Amy Holland, instructor in clinical nursing, teaches introduction into patient-centered nursing care, where students use this game. She said she wanted a way for students to understand patients who are different from them.
“If your patient doesn’t look or act like you, it is very hard for you to see the world from their point of view,” Holland said. “I wanted to give students an opportunity to really experience what being an older adult might feel like.”
The “aging game” is a roleplaying scenario, in which one student is the nurse and another student is the patient. Props are used to mimic the various diseases older patients have. Corn kernels were put in shoes to simulate rheumatoid arthritis, swim goggles with tape on the sides resembled cataracts and glaucoma, and a sling on a student’s dominant arm represented post stroke weakness.
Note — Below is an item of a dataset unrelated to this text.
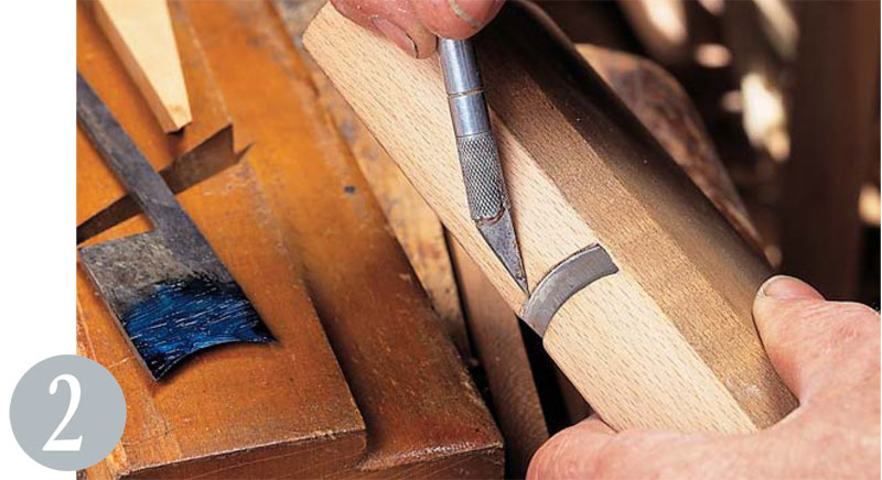 2. Scribing a round iron. To transfer the shape of the sole to the plane iron, coat the iron with machinist’s bluing, then scribe it with a knife.

Nursing sophomore Maris Briggs said the game allowed her to better grasp the difficulties older patients must overcome.
“Many sensual abilities are naturally lost as one gets older, and I feel that it is not understood unless one experiences the losses themselves,” Briggs said. “It was interesting to experience [hearing loss] myself when I had to wear ear plugs and attempt to carry on a conversation with the nurse. I hesitated to ask the nurse to repeat herself.”
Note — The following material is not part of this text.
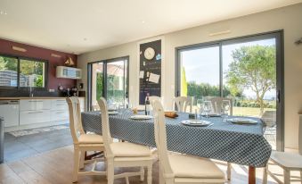 Nous avons été très bien accueillis, la maison est en tout point conforme à la description, très spacieuse, bien décorée, très bonne literie. on s'y sent bien. Equipement complet, rien ne manque, belle salle de jeux. Le jardin clôturé est grand, la vue me

Briggs said this hesitation can potentially be detrimental to the patient’s health.
“The patient hesitates to ask the health care professional to restate their sentence due to embarrassment of frustration,” Briggs said. “When this happens, the patient’s safety is compromised because they’re not fully educated on their health and medications.”
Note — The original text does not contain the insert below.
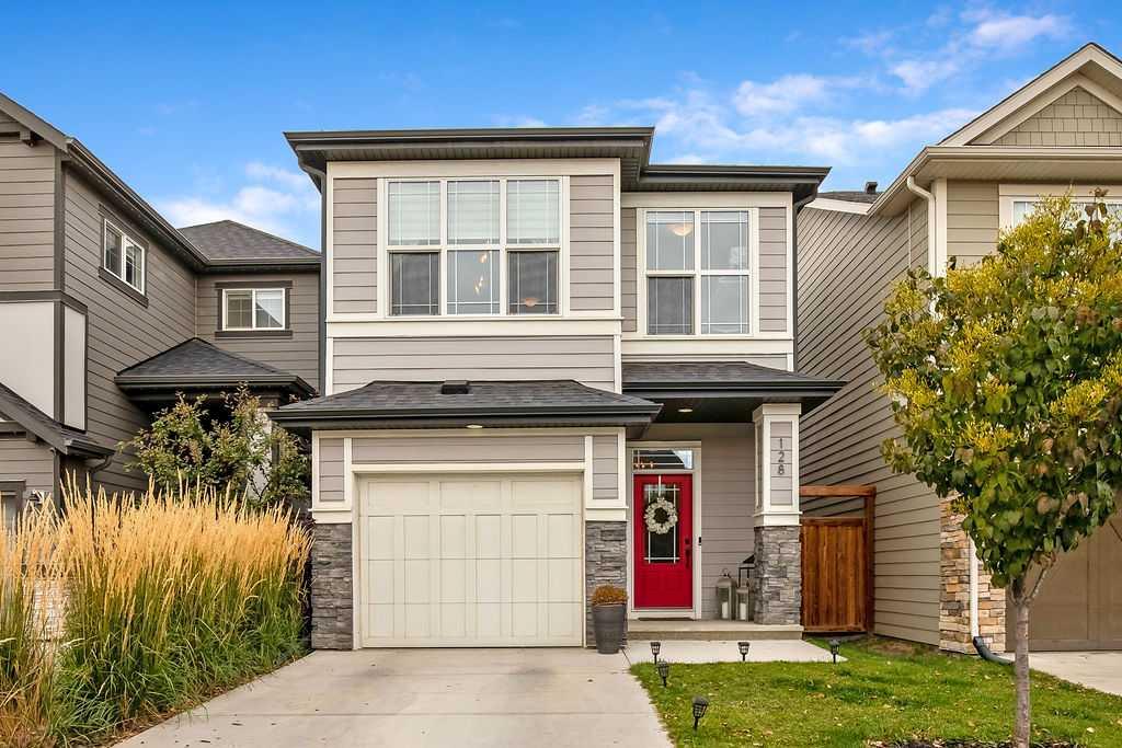 Located on a quiet street in Cranston's Riverstone, this stylish home has been lovingly maintained by original owners. With nearly 1800 sq ft of beautifully designed living spaces, central air-conditioning, front garage and a 130ft deep lot, this property is impressive. The main floor offers a spacious foyer (complete with closet and 2-pce bathroom), large open plan kitchen (with extra large island & cabinetry extending to the ceiling), dining area, family room (with brick-faced electric fireplace) and a conveniently placed built-in desk area. The upper level has been thoughtfully designed with a roomy, bright bonus room and laundry room separated from the 3 bedrooms. The primary bedroom is completed by a walk-in closet and luxurious 5pce ensuite featuring dual sinks, separate shower and soaker tub. The unfinished basement has lots of potential with loads of space for development. The west facing backyard has a deck with gas bbq hookup and a private lower patio. The location of this beautiful home allows for easy access to the entrance/exit of the community while still being close walking paths, parks and playgrounds along the Bow River! A fantastic home in a fantastic location!

Nursing sophomore Erika Soles said playing the game allowed her to step into the shoes of the older adults she typically works with and become more aware of how she serves them.
“It is easy to take having good vision and walking without pain for granted, and I truly got a new perspective on how some people live,” Soles said. “I could take the goggles off my eyes and the corn kernels out of my shoes at the end of the activity, but for many, this is the reality of life on a day-to-day basis.”